Sunday, September 24, 2006

John Kerry: 'Iraq is a Fuel Depot for Terror Fanning the Flames of Worldwide Jihadism'

John Kerry weighed in this morning on the government findings in the latest NIE report that Bush's Iraq policy is creating terrorists. First reported in the N.Y. Times and then the WaPo, the 30-page National Intelligence Estimate that was completed in April "cites the "centrality" of the U.S. invasion of Iraq, and the insurgency that has followed, as the leading inspiration for new Islamic extremist networks and cells that are united by little more than an anti-Western agenda."
It concludes that, rather than contributing to eventual victory in the global counterterrorism struggle, the situation in Iraq has worsened the U.S. position, according to officials familiar with the classified document.

"It's a very candid assessment," one intelligence official said yesterday of the estimate, the first formal examination of global terrorist trends written by the National Intelligence Council since the March 2003 invasion. "It's stating the obvious."

The following is the statement issued by Kerry on the NIE report today:
“The National Intelligence Estimate provides jarring confirmation that the disastrous policy in Iraq is a giant recruiting poster for terrorists and it is weakening our hand in the war on terror.
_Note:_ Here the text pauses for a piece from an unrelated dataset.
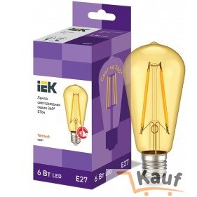 Лампа светодиодная IEK ST64 ретро золото 6Вт 230В 2700К E27 серия 360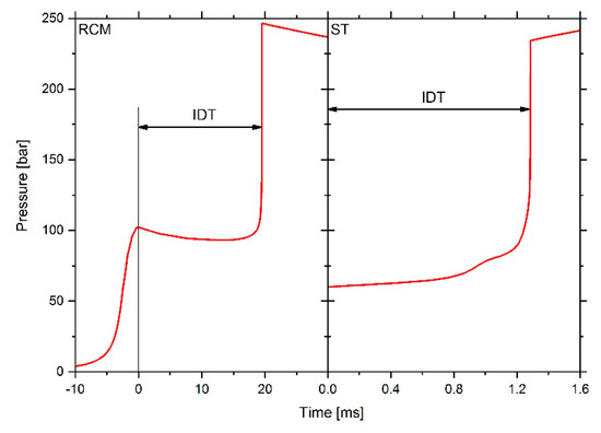 Simulated pressure curve and ignition delay time (IDT)-definition for rapid compression machine (RCM) (left) and shock tube (ST) (right).

Terrorist organizations from Al Qaeda to Hezbollah are thrilled that we are bogged down in Iraq, even as the Administration misleads America with fear and sloganeering.

The truth is clear: Rather than being the central front in the war on terror President Bush claims, Iraq is a fuel depot for terror fanning the flames of worldwide jihadism. Incompetence and ideology has left us with more terrorists in the world who want to kill Americans.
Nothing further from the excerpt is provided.